Overview of large language models (6) Model use

2023-05-04 22:13350Read · 1Like · 0Comment

dupaper

After pre-training or adaptive tuning, a major approach to using large language models is to design hinting strategies suitable for solving various tasks. A typical cueing approach is contextual learning , which formulates task descriptions or demonstrations in the form of natural language text. Furthermore, thought chain cues can be used to enhance contextual learning by incorporating a series of intermediate reasoning steps into the cues. Next, we will elaborate on the details of these two techniques.

In-Context Learning

As a special form of prompting, in-context learning (ICL) was first proposed together with GPT-3, which has become a typical method to exploit large language models.

prompt formula

As described in "Language models are few-shot learners ", ICL uses formatted natural language prompts , including task descriptions or some task examples as demonstrations . Figure shows a schematic representation of the ICL. First, starting with the task description, some examples are selected from the task dataset as demonstrations. They are then combined in a specific order to form natural language prompts with specially designed templates. Finally, the test instance is attached to the demo as input to the output generated by the large language model. Based on task demonstrations, large language models can recognize and perform new tasks without explicit gradient updates.
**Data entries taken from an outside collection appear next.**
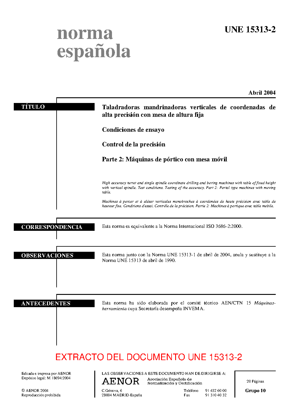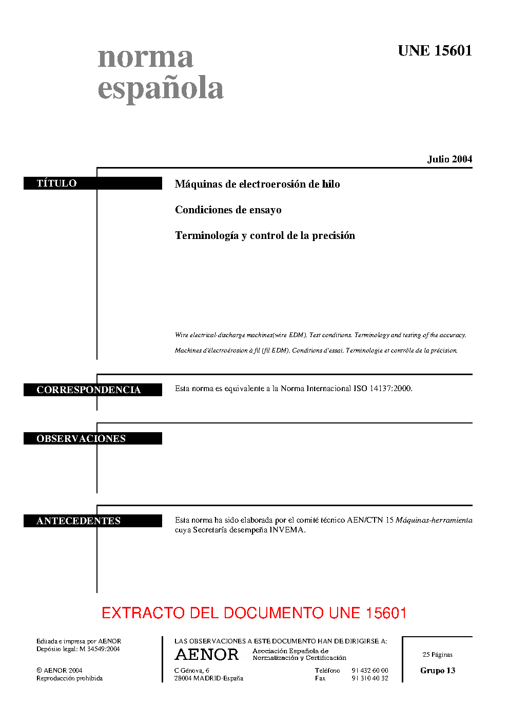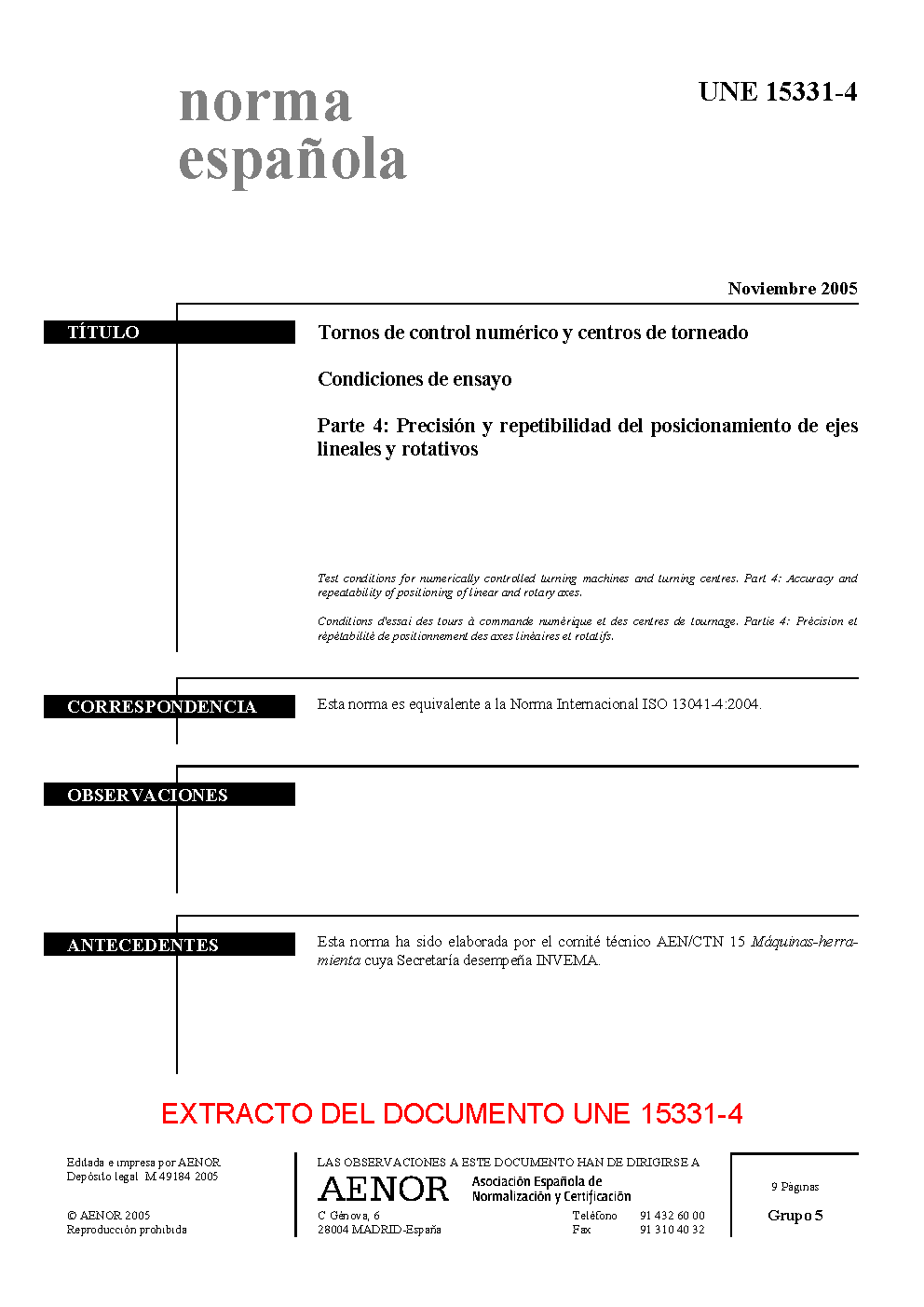 | Publisher | Asociacion Espanola de Normalizacion y Certificacion (AENOR) |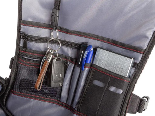 Główna komora posiada liczne dedykowane kieszenie: na myszkę, podkładkę, powerbank oraz różne peryferia i słuchawki. Natomiast przedni panel wyposażony został w organizer na akcesoria biurowe, klucze, czy pendrive.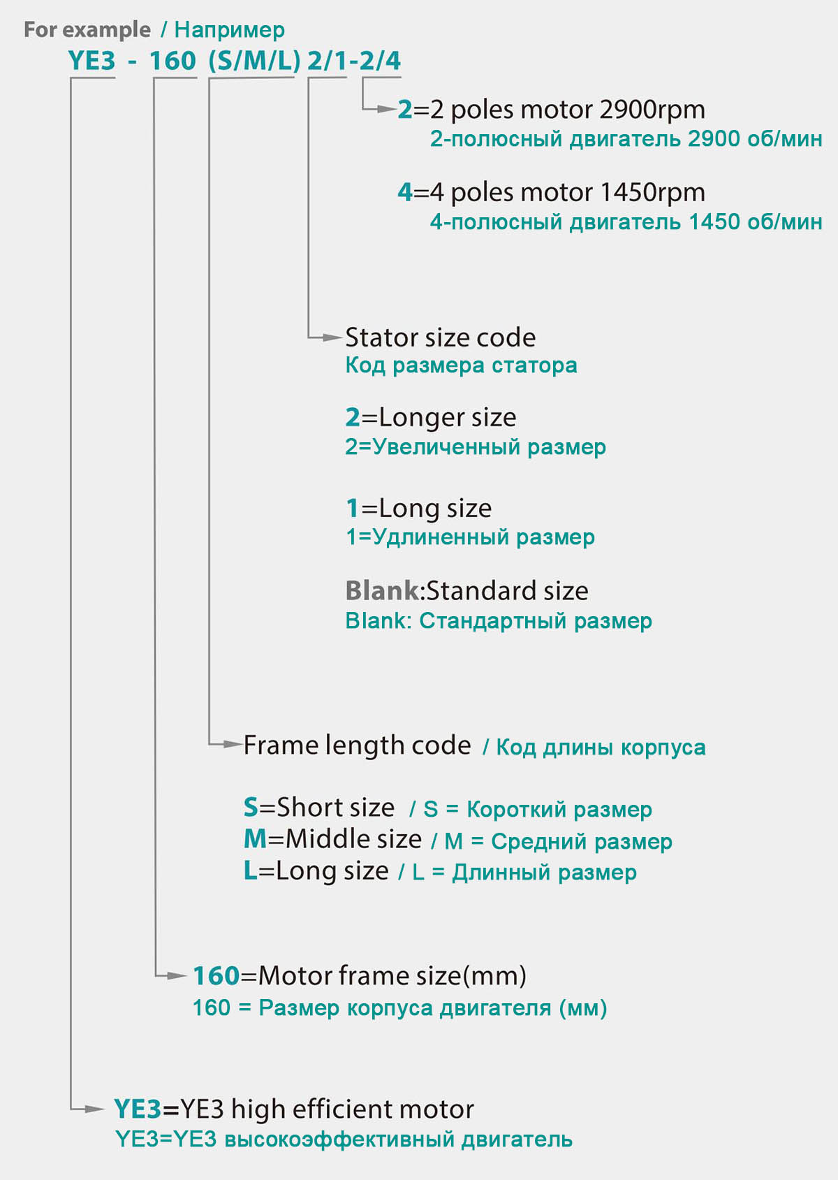 | YE3-315L1-4 | 160 | 220 | 1488 | 95.8 | 95.8 | 93.9 | 0.89 | 285 | 271 | 261 | 1027 | 2 | 2.2 | 7.1 | 92 | 1126 |

A comparative illustration of contextual learning (ICL) and chain of thought (CoT) cues. ICL hints at large language models with natural language descriptions, several demos, and a test query. Whereas CoT hints involve a series of intermediate reasoning steps in the hint.

Formally, let Dk = f{(x1; y1); ......; f(xk; yk)} denote a set of demonstrations with k examples, where f(xk; yk) is the k-th A prompt function that converts task examples into natural language prompts. Given a task description I, a demonstration Dk, and a new input query xk+1, the prediction of the output y^k+1 generated by a large language model can be expressed as follows

where the actual answer yk+1 is left blank and is predicted by the large language model. Since the performance of ICLs is heavily dependent on presentation, designing them correctly in hints is an important issue. According to the construction process of the above formula, we focus on three aspects of prompt formatting demonstration, including how to select examples to form a demonstration, use the function f(·) to format each example as a prompt, and arrange a reasonable display order.
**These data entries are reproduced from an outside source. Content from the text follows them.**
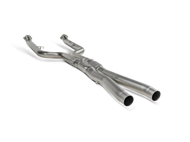 Constructed from high-grade lightweight titanium, this set has been developed to be combined with the Akrapovic Slip-On Line (Titanium) exhaust and increase performance. The X-connection, allowing gases from both sides of the engine to mix in a unique symphony, is cast at the in-house titanium foundry. The set delivers a weight reduction of 72.6% (19.56 kg) compared to the standard stock part. When combined with the Slip-On Line (Titanium) exhaust system, power gains of 8.5 kW (11.5 hp) at 6,150 rpm and torque increases of 15.6 Nm at 2,550 rpm have been achieved when tested on the Akrapovic dyno against a BMW M5 with a standard stock exhaust.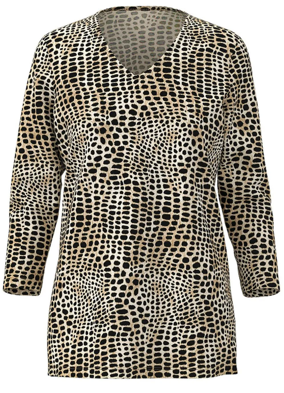 Jedes Teil ein Unikat! Toller Pullover in Beige-Schwarz, mit abgerundetem, legerem V-Ausschnitt, farbbrillantem Alloverdruck im Tierfelldessin sowie 3/4-langen Ärmeln.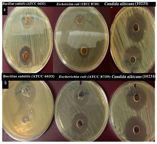 | Samples | Bacillus Subtilis (ATCC 6633) | Escherichia Coli (ATCC 8739) | Candida Albicans (ATCC 10231) |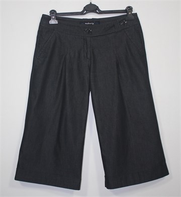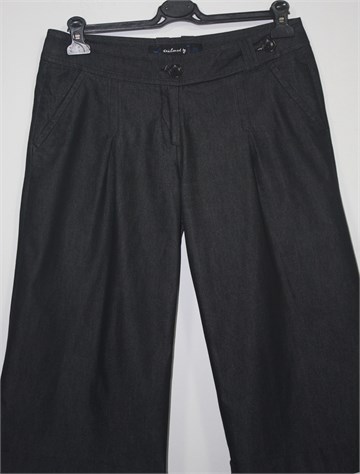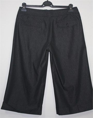 X-nation poluduge hlače, tamno sive boje (materijal je blago sjajan). Hlače imaju prednji cif i kopčanje, više ukrasna pasica za remen. Prednji bočni džepovi, jedan stražnji džep je samo ukrasni, drugi na preklop sa gumbićem. Mandžete na dnu nogavica.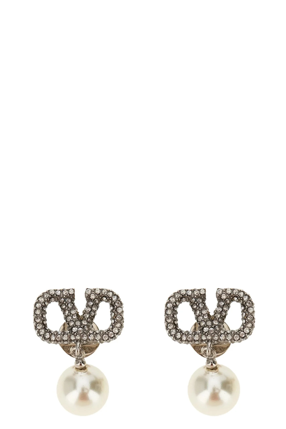 cod. W2J0E36QVSK0W Vlogo Signature metal and crystal earrings with pearl pendant. ITEM CANNOT BE RETURNED Color: Silver Composition: 100% steel Made in: Italy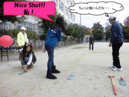 川岡東小学校の運動場では,グラウンドゴルフの体験コーナーがあります。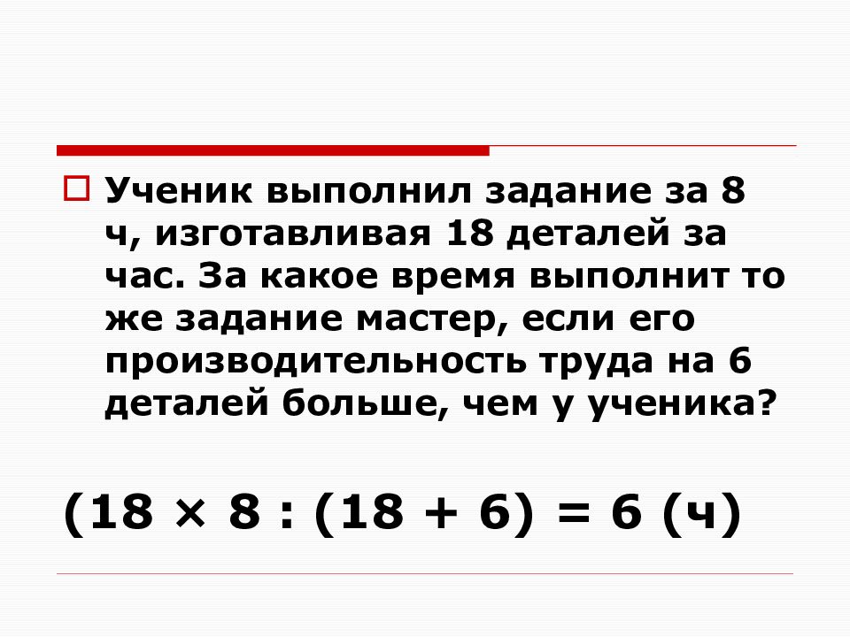 Ученик выполнил задание за 8 ч, изготавливая 18 деталей за час. За какое время выполнит то же задание мастер, если его производительность труда на 6 деталей больше, чем у ученика? (18 × 8 : (18 + 6) = 6 (ч)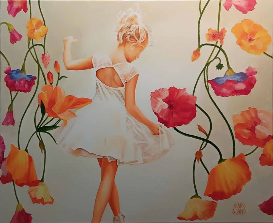 La jeune fille dans les fleurs : Huile sur toile 160 x 120 cm

ICL is comprehensively surveyed in the survey paper "A survey for in-context learning", to which we refer readers for a broader and more detailed discussion on this topic. Compared with this survey, we focus on the application of ICL to large language models especially from two aspects of demonstration design and the underlying mechanism of ICL. Furthermore, ICL is also closely related to instruction tuning, as both use natural language to format tasks or instances.

Demonstration Design

Multiple studies have shown that the effectiveness of ICLs is largely influenced by presentation design. We will introduce the demonstration design of ICL from three main aspects, namely demonstration selection, format and sequence .

Demonstration selection . The performance of ICL tends to vary widely across different demo examples, so it is important to choose a subset of examples that can effectively exploit the capabilities of ICL for large language models. There are two main demo selection methods, namely heuristic methods and large language model based methods:

heuristic method . Existing works widely employ heuristics to select demos due to simplicity and low cost. Some studies use k-NN based retrievers to select examples that are semantically relevant to the query. However, they perform selection on each example individually, rather than evaluating the set of examples as a whole. To address this issue, a diversity-based selection strategy is proposed to select the most representative set of examples for a specific task. Furthermore, in "Complementary explanations for effective in-context learning", both relevance and diversity are considered when selecting demonstrations.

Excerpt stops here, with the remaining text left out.